Monday, 15 June 2015

Law for the Layman, part 1, Interpreting the Law – by Jason Kay, Melaka

These are a series of short articles introducing basic legal concepts to the inquisitive lay person. Law is both an art (at the higher levels) and a science (at its core). There is no mystery to it. If you are curious about how lawyers think, do read on.

Part 1: Interpreting the Law

The classic lesson on how to interpret laws is the hypothetical “No Vehicle in the Park” law.

Assume that there is a law stating that no VEHICLE is allowed in the park.

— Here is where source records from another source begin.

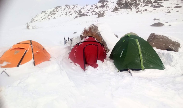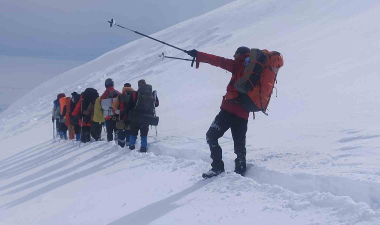 Kahramanmaraş merkezli 6 Şubat’ta meydana gelen depremlerde hayatını kaybedenler anısına ve zulme uğrayan Filistin halkı için 4 bin 58 rakımlı Süphan Dağı’nda zirve tırmanışına geçen Vadi Doğa Sporları Kulübü üyeleri, yoğun kar ve tipi nedeniyle geri dönmek zorunda kaldı.
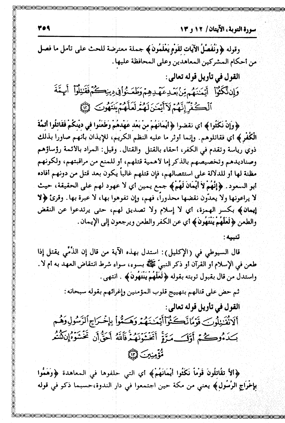 قال السيوطي في (الإكليل) : استدل بهذه الآية من قال إن الذّمّي يقتل إذا طعن في الإسلام أو القرآن أو ذكر النبيّ صلّى الله عليه وسلّم بسوء، سواء شرط انتقاض العهد به أم لا.
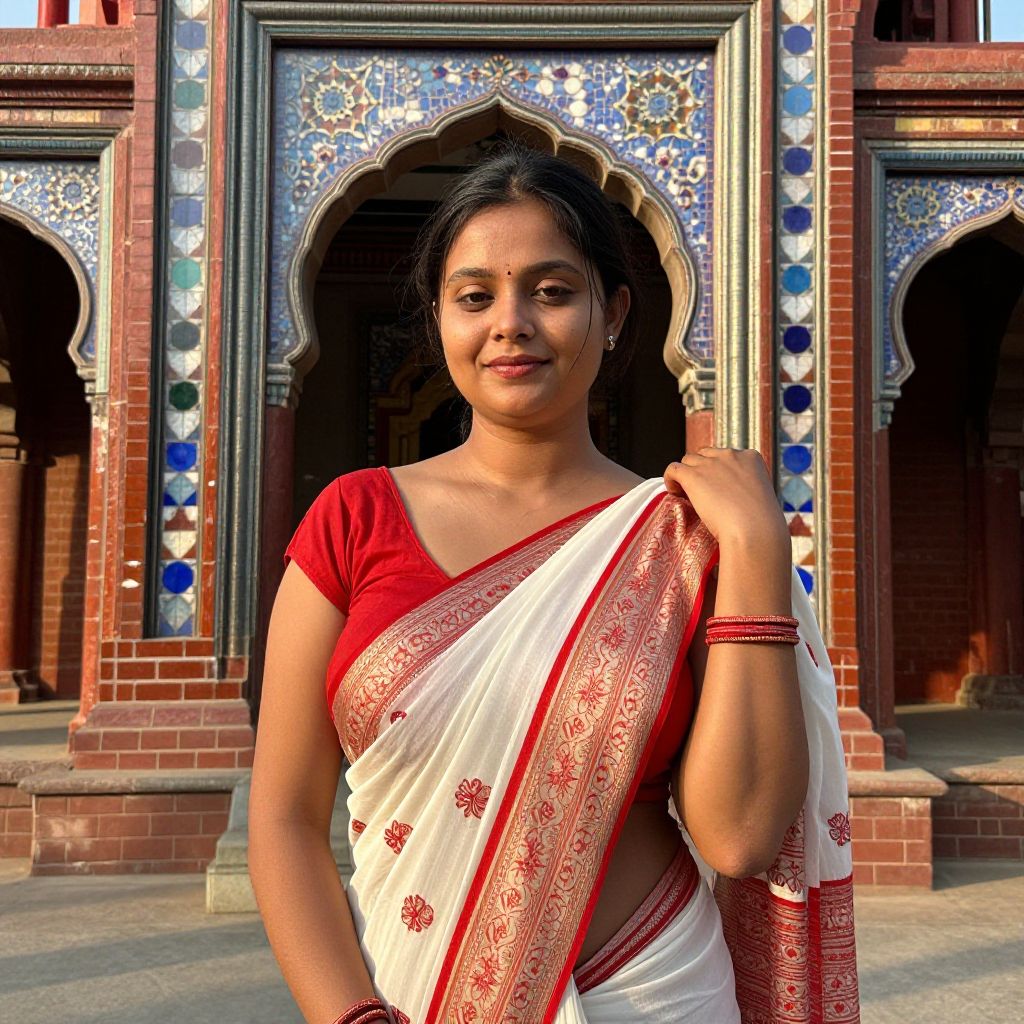 A detailed portrait of a Bangladeshi saree woman in a red and white classic saree posing in front of a traditional brick-and-tile temple in Sylhet, her face serene and slightly smiling, with gentle wrinkles around the eyes and a warm golden glow on her skin, wearing a silk dupatta with a red border, the temple’s intricate arches and colorful tiles reflecting in the sunlight. The woman has big tits and cute face
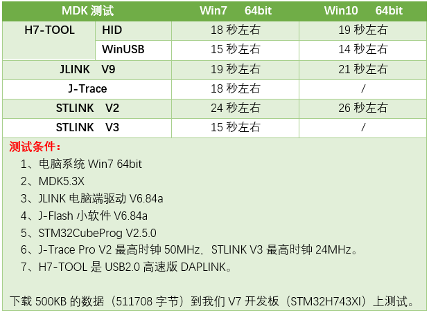 H7-TOOL DAPLINK,J-Trace,JLINK V9,STLINK V2,STLINK V3下载速度测试比较
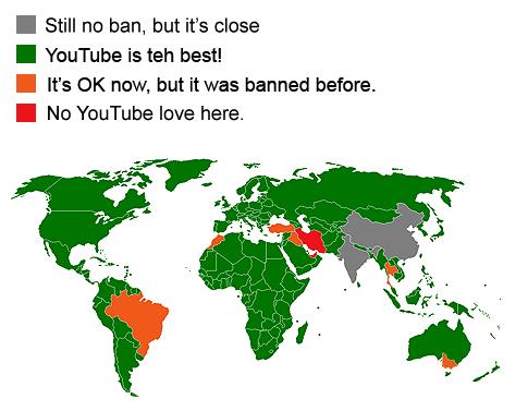 במפה הבאה אפשר לראות איפה השימוש ביו-טיוב אסור ואיפה הוא אסור חלקית או היה אסור בעבר. תשמחו לדעת שלמרוקאים מותר להשתמש שוב ביו-טיוב.
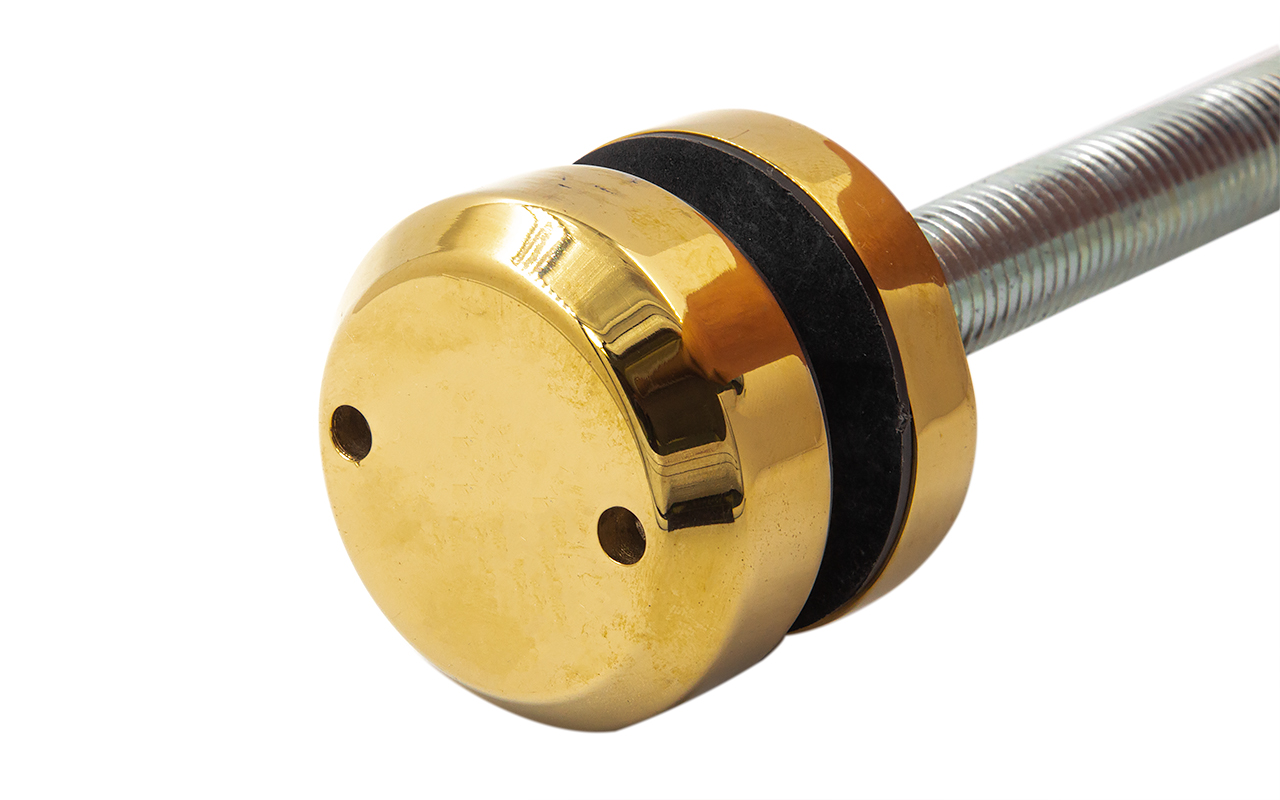 Стеклодержатель Ø50х10х18, шпилька М16х205 мм, для стекла 8-40 мм, AISI (201), с возможностью регулировки выноса до 65 мм, для торцевого крепления стекла, полированный, литой k277-3 купить в Екатеринбурге
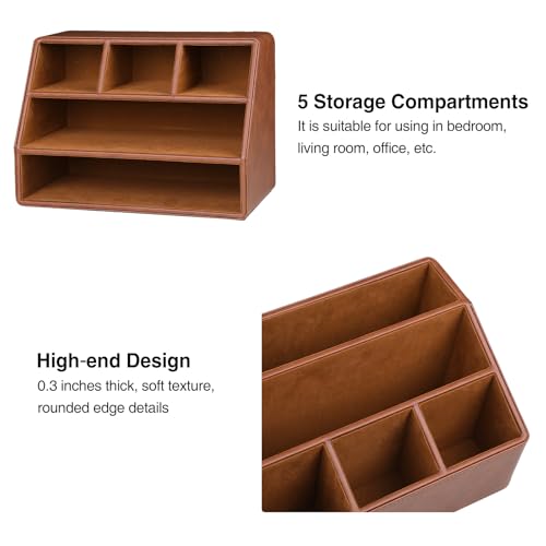 PU Leather Desk Organizer, Luxury Remote Control Holder for Home, Office Desk Accessories Table Caddy Bedside Nightstand Organizer (Brown)
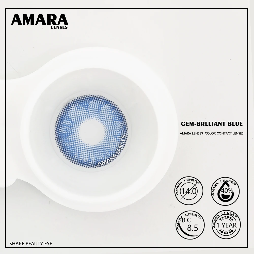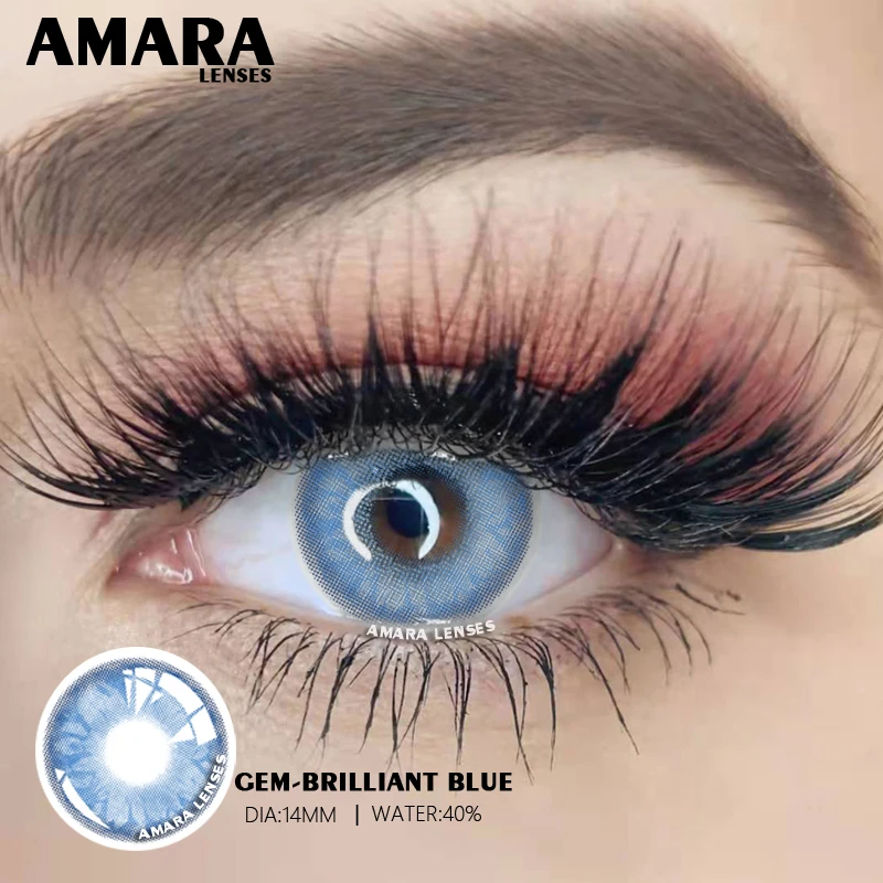 Цветные линзы AMARA ed 1 пара, линзы натурального цвета глаз, контактные линзы с драгоценным камнем для глаз, контактные линзы для контактов с годовым цветом, голубые

It naturally follows that if a vehicle goes into the park, then there would be a breach of this law attracting sanctions (usually this would mean a fine, but it could also include a term of imprisonment).

Simple enough so far?

Now, this is where the lesson begins: How would you argue for/against (a) person(s) charged with “using a vehicle in the park” in contravention of the clear law stating that there can be “no vehicle in the park” for these 7 separate scenarios.

1. Adam drives his car through the park to save on commute time.

2. Garbage trucks coming into the park daily to empty the trash cans placed in the park.

3. An ambulance with an emergency case cutting across the park because it is the shortest way to the hospital.

4. Policemen on motorcycles riding through the park in hot pursuit of robbers who ran into the park.

5. Children riding their bicycles in the park.

6. A mother pushing her baby in a pram in the park.

7. Trishaws ferrying tourists on a scenic tour of the park.

A lawyer would ask 2 questions.

First question: Is it a vehicle? (i.e. the car, garbage truck, ambulance, motorcycle, bicycle, pram, and trishaw). If it is, go to the next question. If it is not, stop here because there is no contravention of the law.

Second question: Is there a valid reason for allowing the “vehicle” into the park even though there is a clear law against having vehicles in the park? Putting it in a different way: Should there be exceptions? If yes, why, and when?

If you can see the differences in the 7 scenarios and present a coherent argument that would justify your conclusion consistently, you are one step closer to thinking like a lawyer.